Work instructions — The copy you return should hold every record below word for word and no images.

Data items

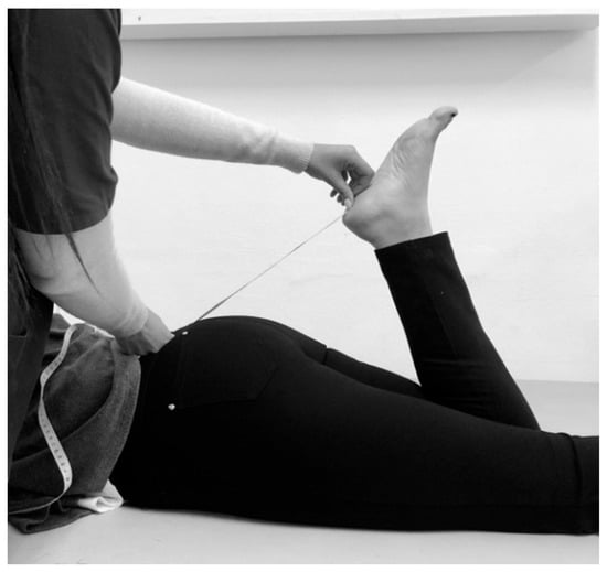 Heel-to-buttock distance (HBD) was measured to detect potential loss of muscle size or reduced flexibility, primarily of the quadriceps []. The examiner passively bended their knee and used a meter tape, to measure the HBD increase in cm (Figure 4).
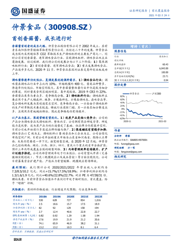 【国盛证券】【20210324】仲景食品-300908.SZ-首创香菇酱,成长进行时-25页 行业研究
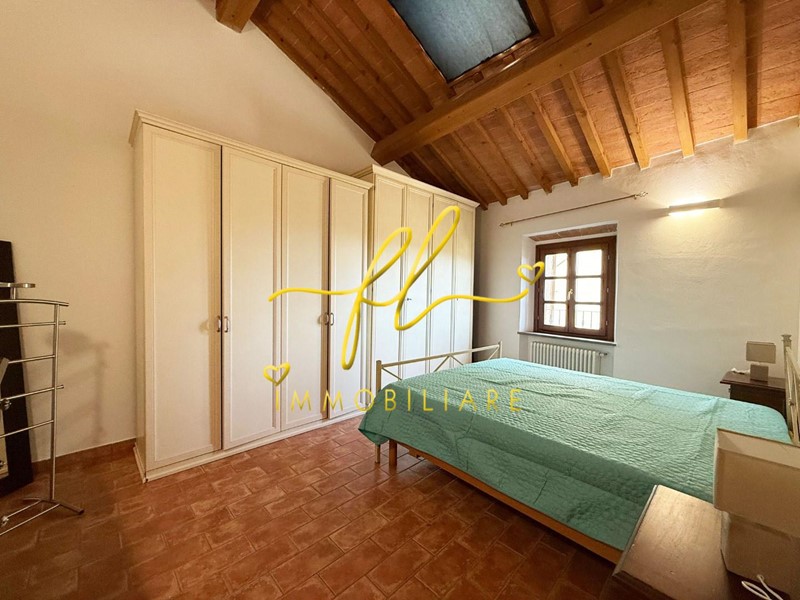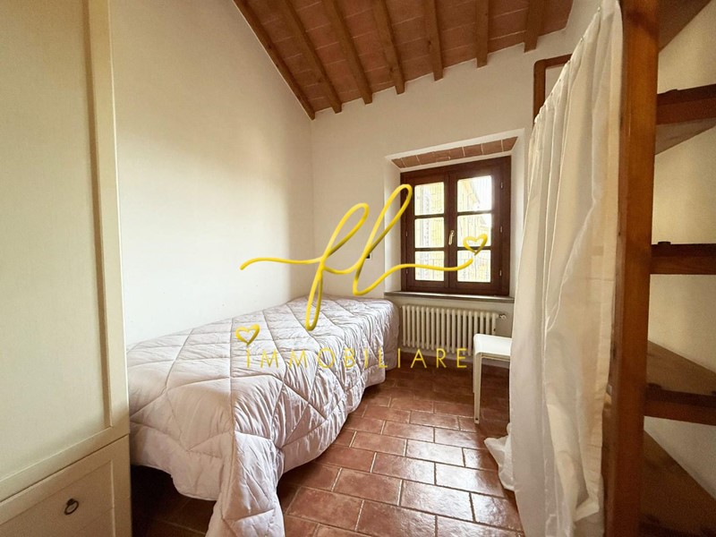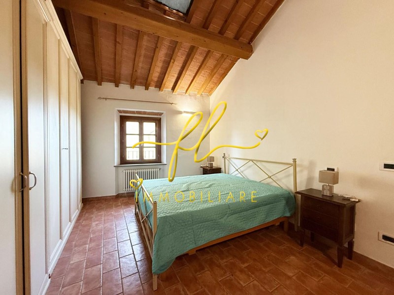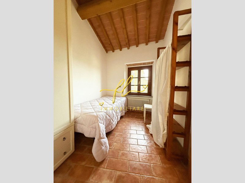 Al piano superiore, collegato da scala in cotto, si sviluppa la zona notte, composta da due camere, una matrimoniale ed una singola, entrambe con affacci panoramici sulle colline toscane, e un bagno.
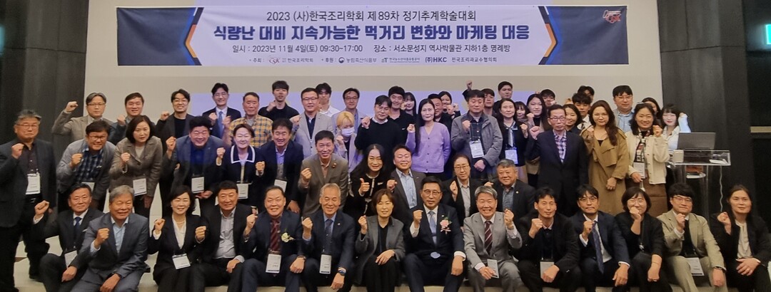 | ▲ 한국농수산식품유통공사(aT) 김춘진 사장이 지난 4일 서울 서소문성지역사박물관에서 열린 (사)한국조리학회 정기추계학술대회에 참석해 ‘식량위기 대응 지속가능한 먹거리’를 주제로 기조강연을 펼친 뒤 기념촬영을 하고 있다. [aT제공] |
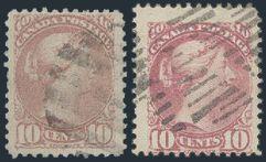 40 (26), 45 (30), Stockcard full of 10¢ Small Queens. Has a wide array of shades (incl rose lilacs, magentas, brown reds, dull roses, etc); plus corks; CDS's; duplexes; grids; SE single with double perf; strip of 4; etc. A great lot for study. Mostly VG-VF. Cat $2,500 (56 stamps) (Image)
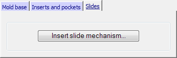 Schiebermechanismus einfügen – Klicken Sie auf diese Option, um den Schieber-Assistenten zu starten. Weitere Informationen finden Sie unter Erstellen der Schieberbaugruppe mithilfe des Schieber-Assistenten.
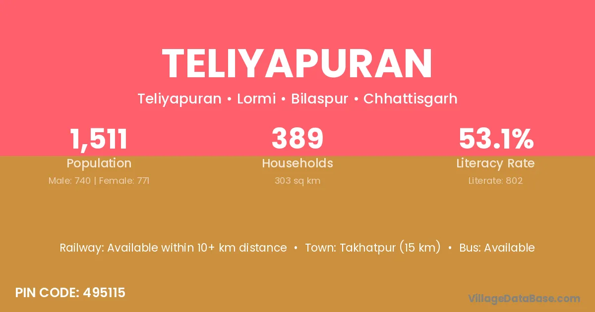 According to Census 2011 information, the village code of Teliyapuran village is 495115.
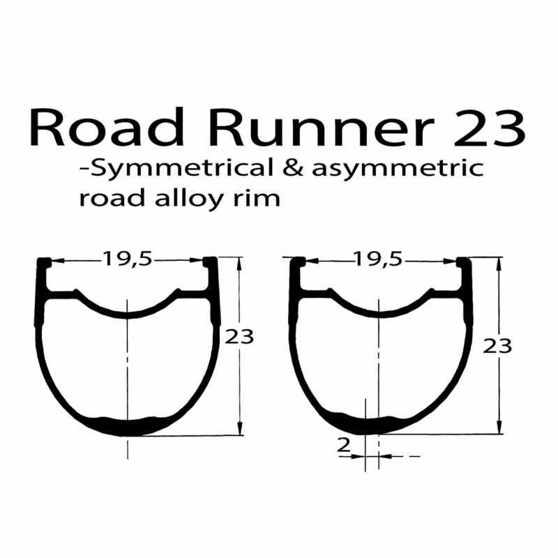 The DUKE Road runner 23 rim is designed, tested in France, DUKE is the exclusive owner of the manufacturing tools. The DUKE Road Rim Runner 23 Has a profile height of 23mm. Symmetrical front profile and ASYMMETRIC at the rear: As the number of gears increases, The cassette-side flange of the hub is increasingly "pushed" towards the inside of the wheel have an asymetrical profil (2mm offset) Which makes it possible to increase the lateral stiffness of the wheel without gaining weight. The holes in the rim are off-centered, this makes it possible to close more the umbrella formed by the Spokes. Thus the spokes ensure a better maintenance of the rim and the lateral stiffness of the wheel is increased. Inner width 19,5mm. This gives more volume to the tires and improves efficiency, comfort and cornering grip. A wide rim also means that you can use finer, lighter tires while maintaining the comfort, softness and grip provided by a larger volume of air.
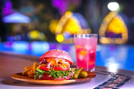 ホテルニューオータニ幕張のナイトプールに来たらぜひともご堪能いただきたいのが、昨年メディアで紹介され、若い女性を中心に話題を呼んだ「“ピンク×ピンク”のスマッシュチーズバーガー」。ビーツを練り込んだ鮮やかなピンク色のバンズに、ジューシーなパティを贅沢に2枚重ね、トマトやフリルレタスのシャキシャキ感、特製のピンクマヨネーズが絶妙にマッチ。 目にも楽しく、思わずかぶりつきたくなるような、とっておきの逸品でナイトプールの気分を盛り上げてくれます。
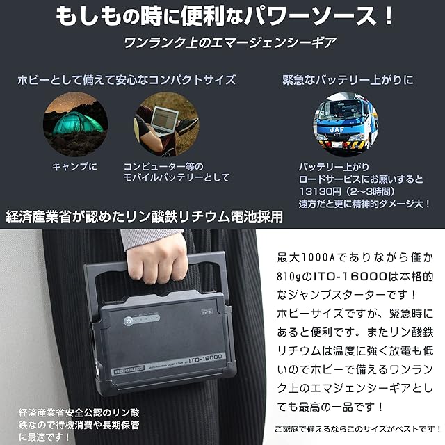 商品名:ハチハチハウス ジャンプスターター ITO-16000 安全な リン酸鉄 リチウム電池 LiFePO4 12V 大容量 16000mAh ガソリン/ディーゼル車対応 最大電流 1000A 安全保護機能 コンパクト 800グラム L1620F
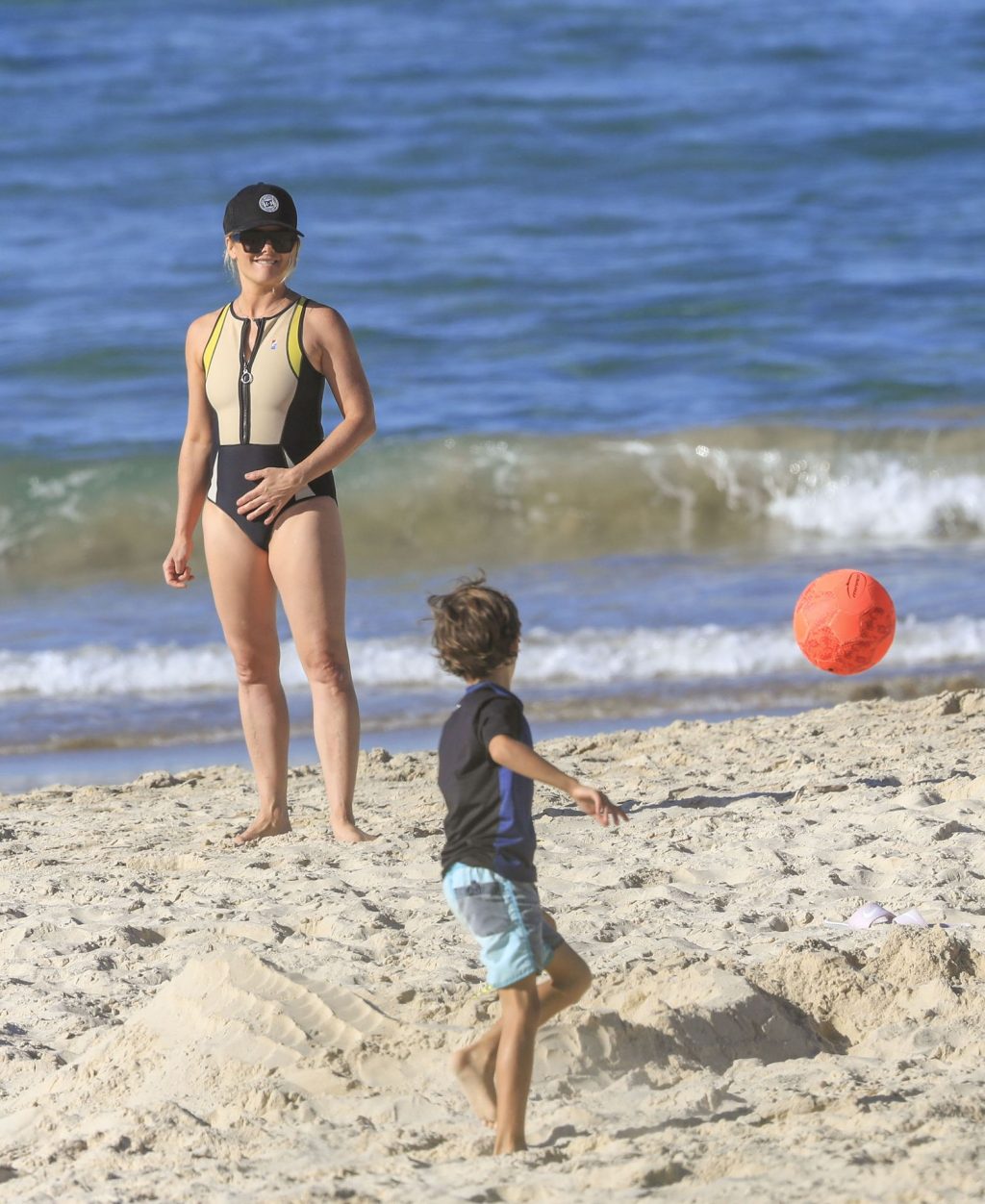 Nat Bass y su esposo Cameron McGlinchey dieron un rápido baño en el océano y jugaron algunos juegos en la arena con sus hijos, Harper y Hendrix. Nat, de 44 años, lucía sensacional, mostrando su figura en forma con un traje de baño deportivo.

Answer to this task —
 Heel-to-buttock distance (HBD) was measured to detect potential loss of muscle size or reduced flexibility, primarily of the quadriceps []. The examiner passively bended their knee and used a meter tape, to measure the HBD increase in cm (Figure 4).
 【国盛证券】【20210324】仲景食品-300908.SZ-首创香菇酱,成长进行时-25页 行业研究
 Al piano superiore, collegato da scala in cotto, si sviluppa la zona notte, composta da due camere, una matrimoniale ed una singola, entrambe con affacci panoramici sulle colline toscane, e un bagno.
 | ▲ 한국농수산식품유통공사(aT) 김춘진 사장이 지난 4일 서울 서소문성지역사박물관에서 열린 (사)한국조리학회 정기추계학술대회에 참석해 ‘식량위기 대응 지속가능한 먹거리’를 주제로 기조강연을 펼친 뒤 기념촬영을 하고 있다. [aT제공] |
 40 (26), 45 (30), Stockcard full of 10¢ Small Queens. Has a wide array of shades (incl rose lilacs, magentas, brown reds, dull roses, etc); plus corks; CDS's; duplexes; grids; SE single with double perf; strip of 4; etc. A great lot for study. Mostly VG-VF. Cat $2,500 (56 stamps) (Image)
 Schiebermechanismus einfügen – Klicken Sie auf diese Option, um den Schieber-Assistenten zu starten. Weitere Informationen finden Sie unter Erstellen der Schieberbaugruppe mithilfe des Schieber-Assistenten.
 According to Census 2011 information, the village code of Teliyapuran village is 495115.
 The DUKE Road runner 23 rim is designed, tested in France, DUKE is the exclusive owner of the manufacturing tools. The DUKE Road Rim Runner 23 Has a profile height of 23mm. Symmetrical front profile and ASYMMETRIC at the rear: As the number of gears increases, The cassette-side flange of the hub is increasingly "pushed" towards the inside of the wheel have an asymetrical profil (2mm offset) Which makes it possible to increase the lateral stiffness of the wheel without gaining weight. The holes in the rim are off-centered, this makes it possible to close more the umbrella formed by the Spokes. Thus the spokes ensure a better maintenance of the rim and the lateral stiffness of the wheel is increased. Inner width 19,5mm. This gives more volume to the tires and improves efficiency, comfort and cornering grip. A wide rim also means that you can use finer, lighter tires while maintaining the comfort, softness and grip provided by a larger volume of air.
 ホテルニューオータニ幕張のナイトプールに来たらぜひともご堪能いただきたいのが、昨年メディアで紹介され、若い女性を中心に話題を呼んだ「“ピンク×ピンク”のスマッシュチーズバーガー」。ビーツを練り込んだ鮮やかなピンク色のバンズに、ジューシーなパティを贅沢に2枚重ね、トマトやフリルレタスのシャキシャキ感、特製のピンクマヨネーズが絶妙にマッチ。 目にも楽しく、思わずかぶりつきたくなるような、とっておきの逸品でナイトプールの気分を盛り上げてくれます。
 商品名:ハチハチハウス ジャンプスターター ITO-16000 安全な リン酸鉄 リチウム電池 LiFePO4 12V 大容量 16000mAh ガソリン/ディーゼル車対応 最大電流 1000A 安全保護機能 コンパクト 800グラム L1620F
 Nat Bass y su esposo Cameron McGlinchey dieron un rápido baño en el océano y jugaron algunos juegos en la arena con sus hijos, Harper y Hendrix. Nat, de 44 años, lucía sensacional, mostrando su figura en forma con un traje de baño deportivo.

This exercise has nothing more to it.